**What the task asks:**
An exact retyping of all lines below is the answer; pictures do not belong in it.

**Data excerpt:**
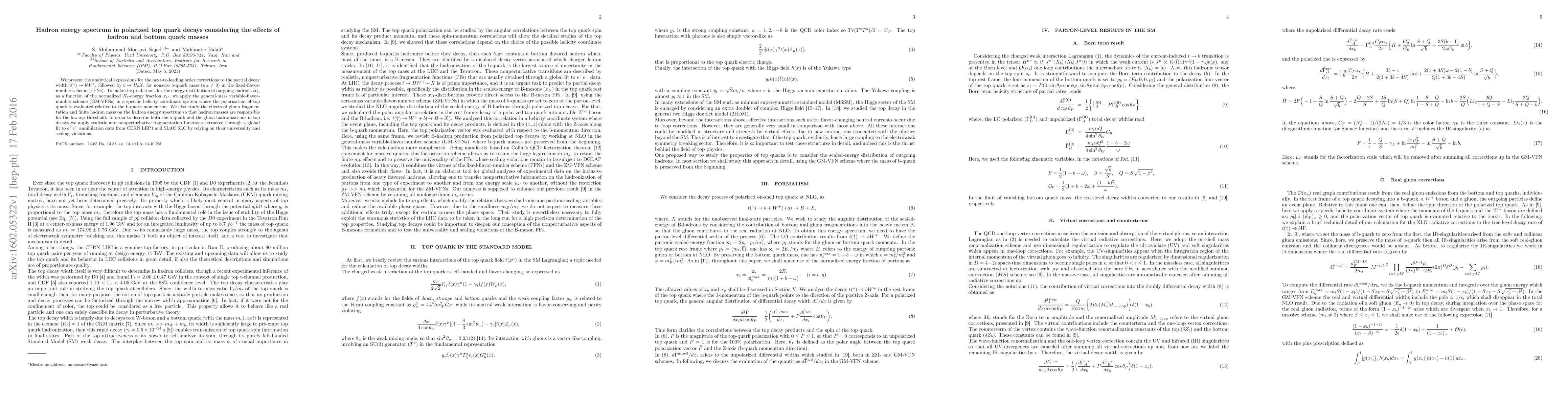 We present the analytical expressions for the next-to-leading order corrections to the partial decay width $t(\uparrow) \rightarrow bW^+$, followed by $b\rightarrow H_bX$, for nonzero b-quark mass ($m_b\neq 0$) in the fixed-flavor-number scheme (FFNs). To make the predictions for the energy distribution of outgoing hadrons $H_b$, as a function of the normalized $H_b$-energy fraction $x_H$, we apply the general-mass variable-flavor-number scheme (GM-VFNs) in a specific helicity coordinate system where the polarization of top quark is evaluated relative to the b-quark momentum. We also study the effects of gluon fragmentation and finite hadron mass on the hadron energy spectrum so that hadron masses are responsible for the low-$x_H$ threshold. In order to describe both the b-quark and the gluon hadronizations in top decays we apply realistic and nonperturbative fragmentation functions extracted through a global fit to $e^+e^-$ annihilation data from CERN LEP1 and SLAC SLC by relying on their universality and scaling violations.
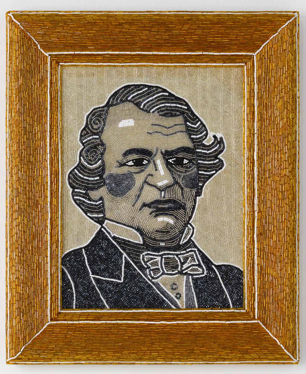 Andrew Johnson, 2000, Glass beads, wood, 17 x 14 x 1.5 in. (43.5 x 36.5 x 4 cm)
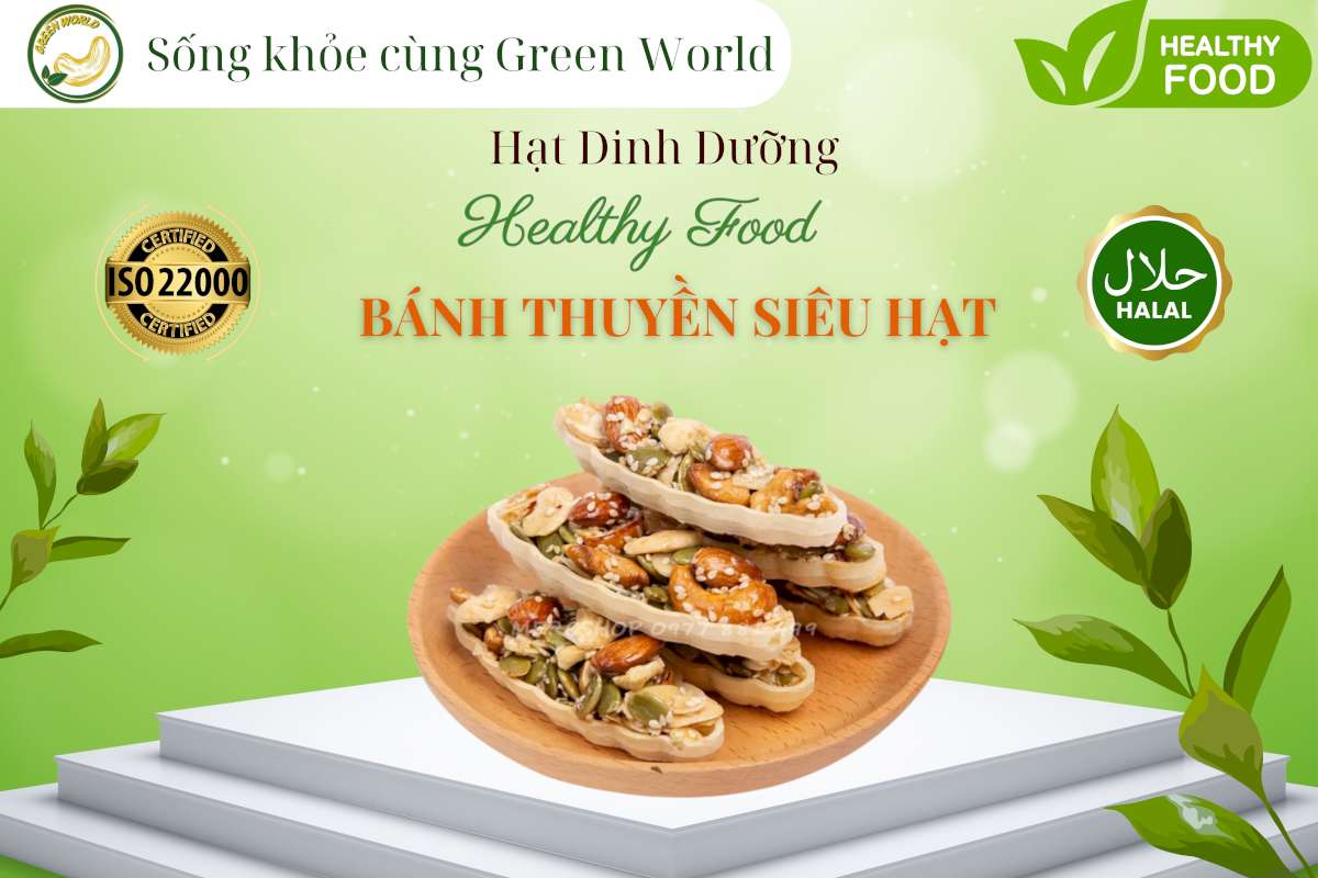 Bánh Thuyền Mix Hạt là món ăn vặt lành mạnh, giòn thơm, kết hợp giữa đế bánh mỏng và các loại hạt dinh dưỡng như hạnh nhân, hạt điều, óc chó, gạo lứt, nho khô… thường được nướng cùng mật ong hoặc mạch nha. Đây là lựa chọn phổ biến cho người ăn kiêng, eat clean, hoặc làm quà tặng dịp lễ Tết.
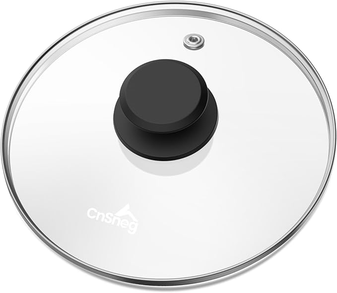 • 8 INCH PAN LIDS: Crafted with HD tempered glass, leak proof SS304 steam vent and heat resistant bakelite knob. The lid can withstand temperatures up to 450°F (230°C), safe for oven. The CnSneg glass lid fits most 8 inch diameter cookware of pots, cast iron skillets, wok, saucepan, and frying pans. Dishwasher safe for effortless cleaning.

**Output of the exercise:**
 We present the analytical expressions for the next-to-leading order corrections to the partial decay width $t(\uparrow) \rightarrow bW^+$, followed by $b\rightarrow H_bX$, for nonzero b-quark mass ($m_b\neq 0$) in the fixed-flavor-number scheme (FFNs). To make the predictions for the energy distribution of outgoing hadrons $H_b$, as a function of the normalized $H_b$-energy fraction $x_H$, we apply the general-mass variable-flavor-number scheme (GM-VFNs) in a specific helicity coordinate system where the polarization of top quark is evaluated relative to the b-quark momentum. We also study the effects of gluon fragmentation and finite hadron mass on the hadron energy spectrum so that hadron masses are responsible for the low-$x_H$ threshold. In order to describe both the b-quark and the gluon hadronizations in top decays we apply realistic and nonperturbative fragmentation functions extracted through a global fit to $e^+e^-$ annihilation data from CERN LEP1 and SLAC SLC by relying on their universality and scaling violations.
 Andrew Johnson, 2000, Glass beads, wood, 17 x 14 x 1.5 in. (43.5 x 36.5 x 4 cm)
 Bánh Thuyền Mix Hạt là món ăn vặt lành mạnh, giòn thơm, kết hợp giữa đế bánh mỏng và các loại hạt dinh dưỡng như hạnh nhân, hạt điều, óc chó, gạo lứt, nho khô… thường được nướng cùng mật ong hoặc mạch nha. Đây là lựa chọn phổ biến cho người ăn kiêng, eat clean, hoặc làm quà tặng dịp lễ Tết.
 • 8 INCH PAN LIDS: Crafted with HD tempered glass, leak proof SS304 steam vent and heat resistant bakelite knob. The lid can withstand temperatures up to 450°F (230°C), safe for oven. The CnSneg glass lid fits most 8 inch diameter cookware of pots, cast iron skillets, wok, saucepan, and frying pans. Dishwasher safe for effortless cleaning.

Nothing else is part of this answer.